:: SUPPLIED RECORDS ::
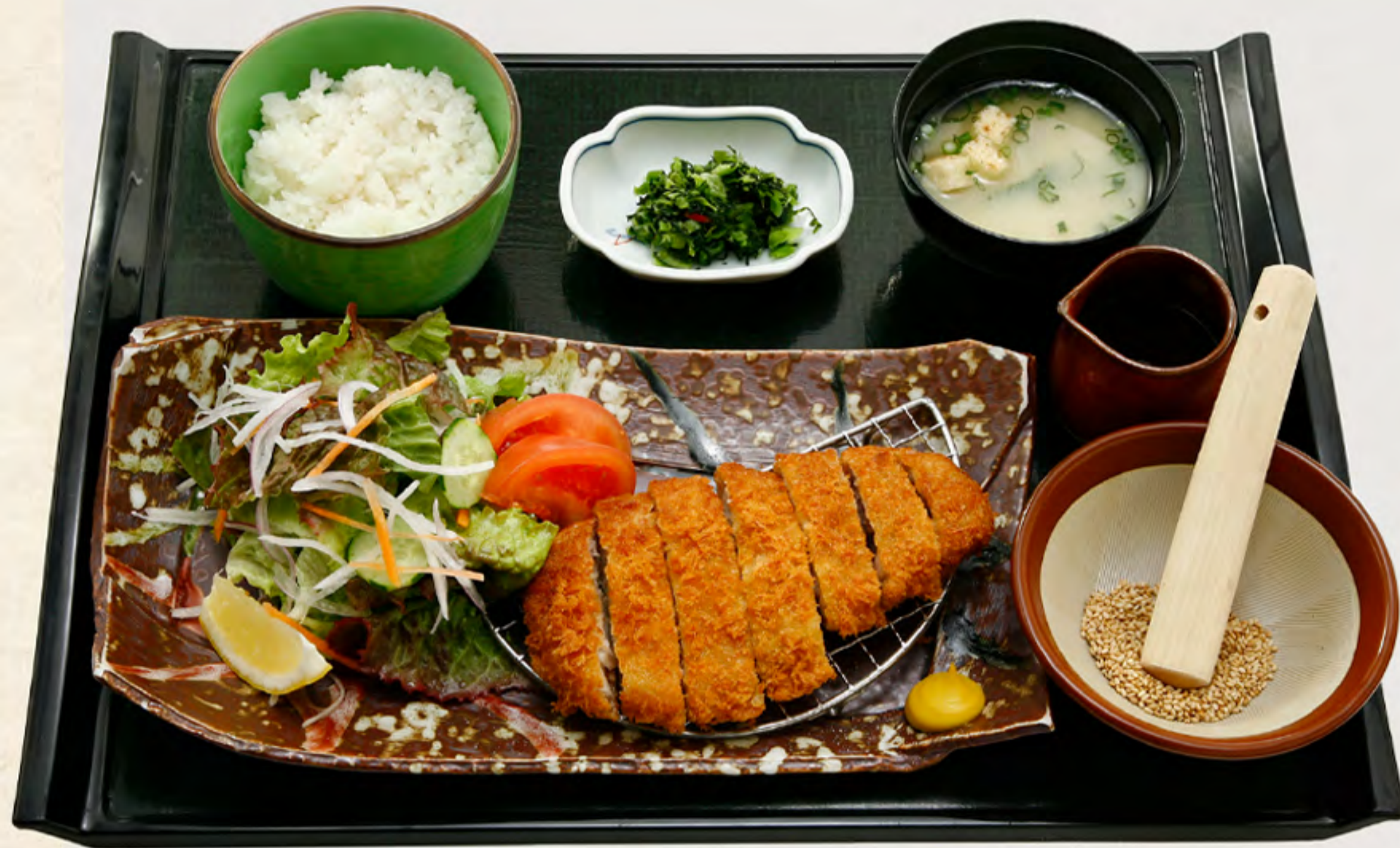
鹿児島黒豚 ローズカツ膳
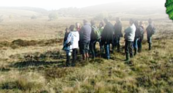
La tourbière de la Croix de Barras.

Une tourbière est une zone humide dont les conditions écologiques particulières (eau permanente, climat frais et humide) provoquent l'accumulation de matière organique sous la forme de tourbe. On les rencontre le plus souvent en altitude (Forez, Pilat, Monts de la Madeleine). Un peu comme des éponges, elles sont capables de stocker de grandes quantités d'eau, diminuant ainsi les risques d'inondation en aval. Elles restituent pour partie cette eau dans les rivières lors des périodes de sécheresse.
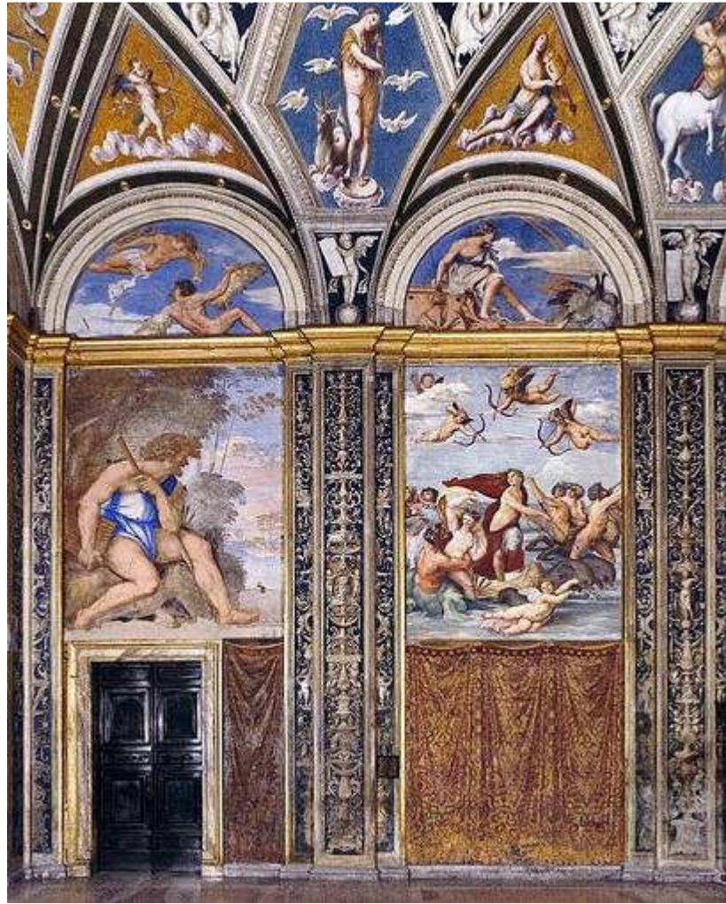
Il trionfo di Galatea nella Sala di Galatea
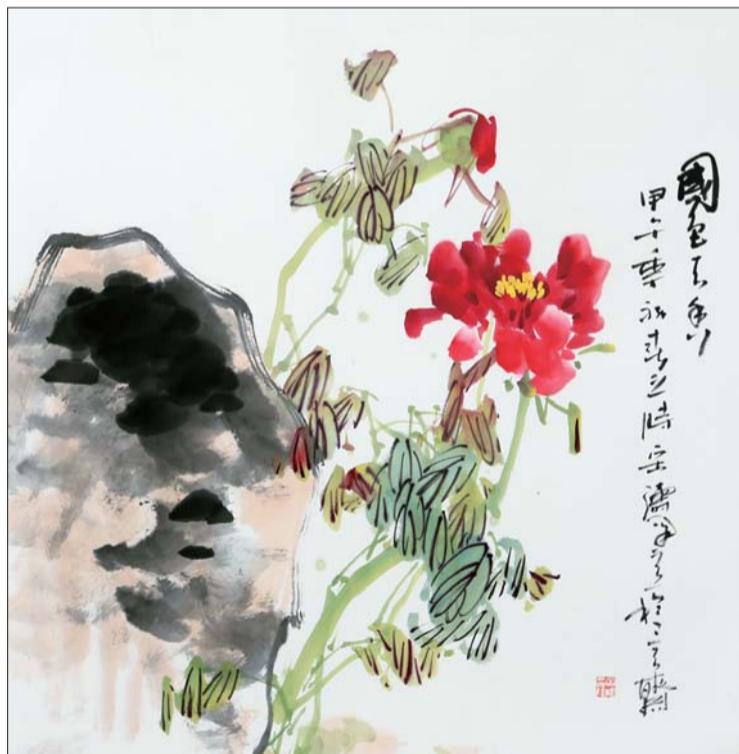
▲国色天香 88×68cm 宋涛
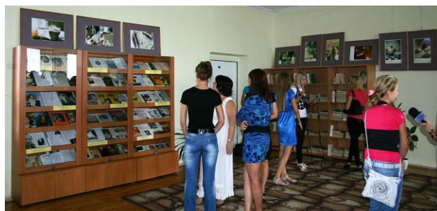
Відділ мистецтва (2012 р.)
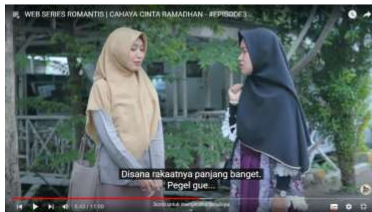
Gambar 4.14 (Episode Tiga)
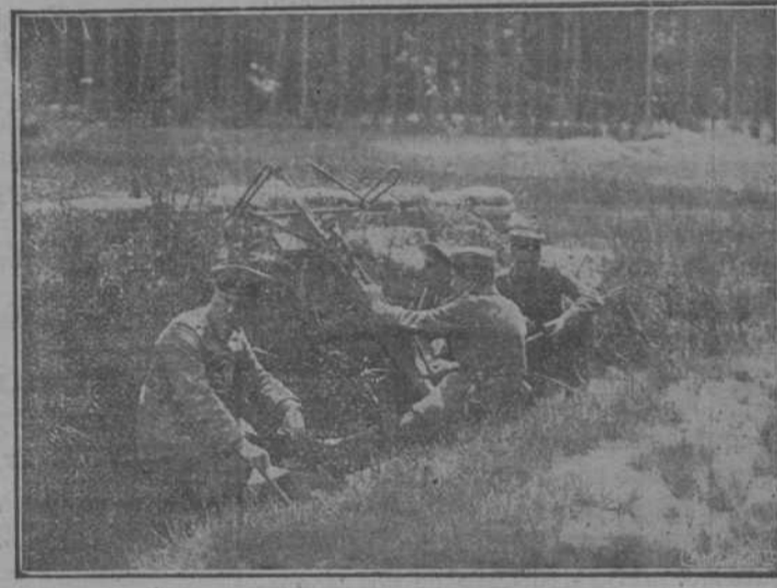
UN LANZABOMBAS FRANCÉS COGIDO POR LOS ALEMANES EN EL FRENTE OCCIDENTAL

El comandante de Marina expuso los motivos de la reunión, encareciendo la necesidad de hacer algo práctico en el sentido de recabar de los Poderes públicos los medios de hacer efectivas las aspiraciones de la ciudad, en lo tocante al problema vital del puerto de refugio.
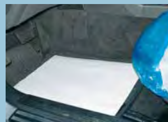
protège tapis papier: réf. D-T 26, D-T 27 feuille: réf. D-T 95

Pas de réparations chères et inutiles « Vous épargnez du temps et des frais »
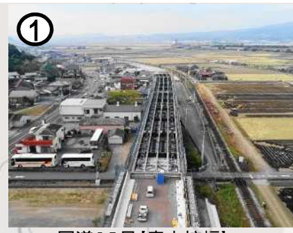
① 国道57号【森山拡幅】(自動車専用道路)
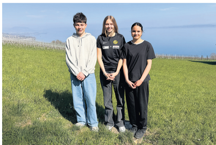
Diese drei Jugendlichen werden im Mai konfirmiert.
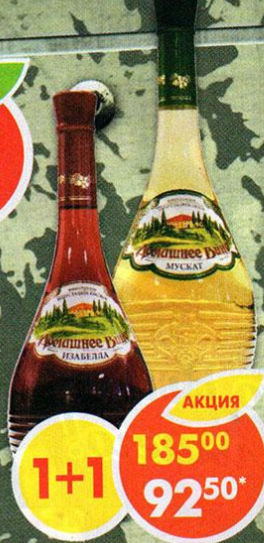
ВИНО ДОМАШНЕЕ ИЗАБЕЛЛА, красное, полусладкое; МУСКАТ, белое, полусладкое, Россия, 0,7 л *Цена указана за 1 шт. при покупке 2 шт. одновременно
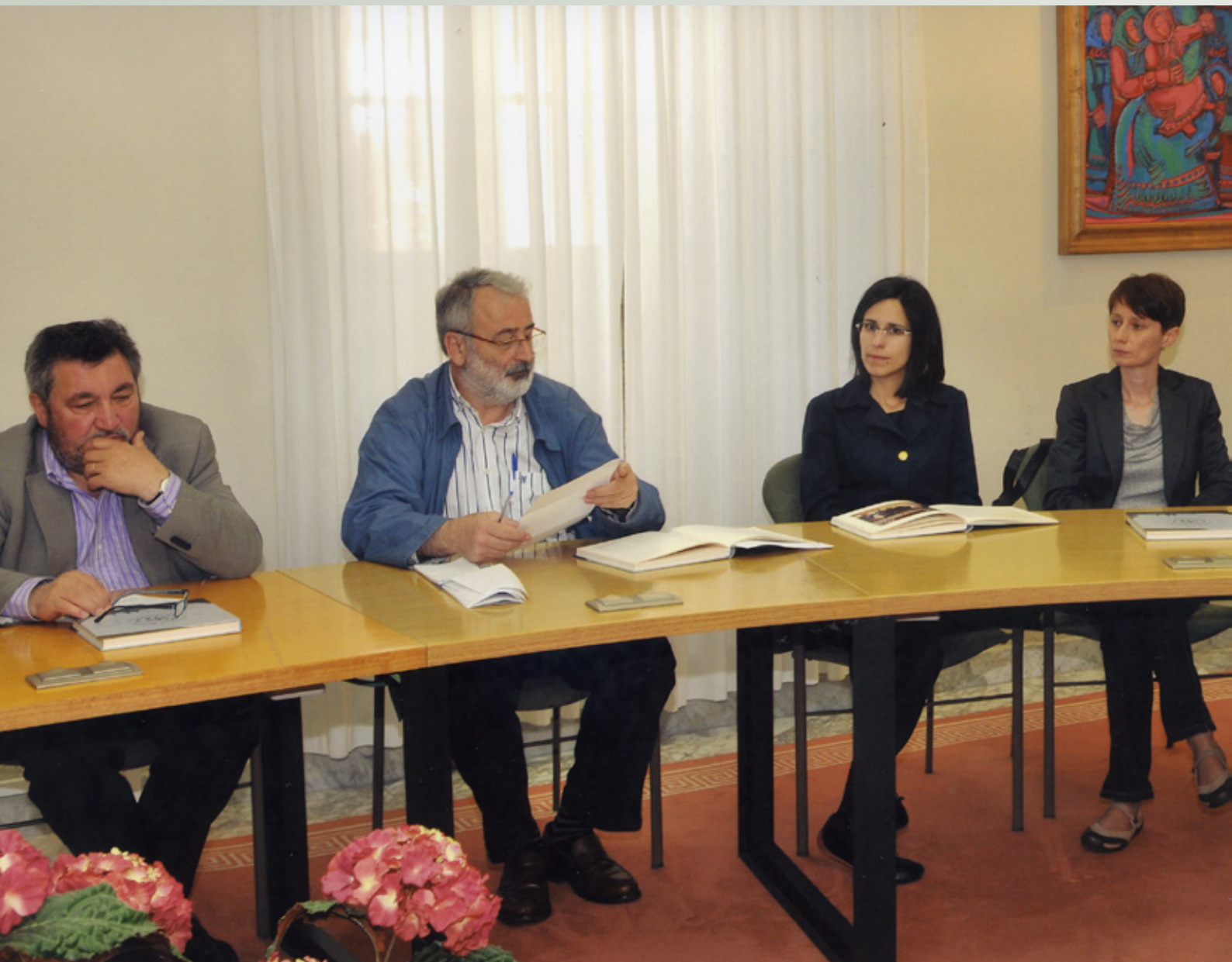
Acto de Presentación do Libro do 25 Aniversario do Consello Social
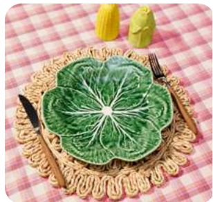
Revolución repollo Alimentos y bebidas
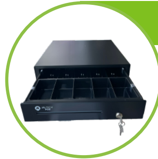
Cajón monedero 5 puestos
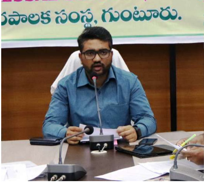
ఆదేశించామన్నారు. నిషేధ ఉత్తర్వులు ఉల్లంఘిస్తే చట్టపరమైన కఠిన చర్యలు తీసుకుంటామని స్పష్టం చేశారు. ప్రజారోగ్య అధికారులు, కార్యదర్శులు వార్డు ల వారీగా నిషేధం అమలును పర్యవేక్షణ చేయాలని ఆదేశించారు....
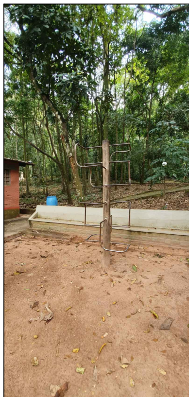
LIMITE QUE SERÁ INSTALADO FECHAMENTO
:::
TASK DESCRIPTION: Copy word for word the lines above, starting at the line containing "Відділ мистецтва (2012 р.)" and ending at the line containing "Cajón monedero 5 puestos", inclusive, with no pictures.

YOUR RESPONSE:
Відділ мистецтва (2012 р.)
Gambar 4.14 (Episode Tiga)
UN LANZABOMBAS FRANCÉS COGIDO POR LOS ALEMANES EN EL FRENTE OCCIDENTAL

El comandante de Marina expuso los motivos de la reunión, encareciendo la necesidad de hacer algo práctico en el sentido de recabar de los Poderes públicos los medios de hacer efectivas las aspiraciones de la ciudad, en lo tocante al problema vital del puerto de refugio.
protège tapis papier: réf. D-T 26, D-T 27 feuille: réf. D-T 95

Pas de réparations chères et inutiles « Vous épargnez du temps et des frais »
① 国道57号【森山拡幅】(自動車専用道路)
Diese drei Jugendlichen werden im Mai konfirmiert.
ВИНО ДОМАШНЕЕ ИЗАБЕЛЛА, красное, полусладкое; МУСКАТ, белое, полусладкое, Россия, 0,7 л *Цена указана за 1 шт. при покупке 2 шт. одновременно
Acto de Presentación do Libro do 25 Aniversario do Consello Social
Revolución repollo Alimentos y bebidas
Cajón monedero 5 puestos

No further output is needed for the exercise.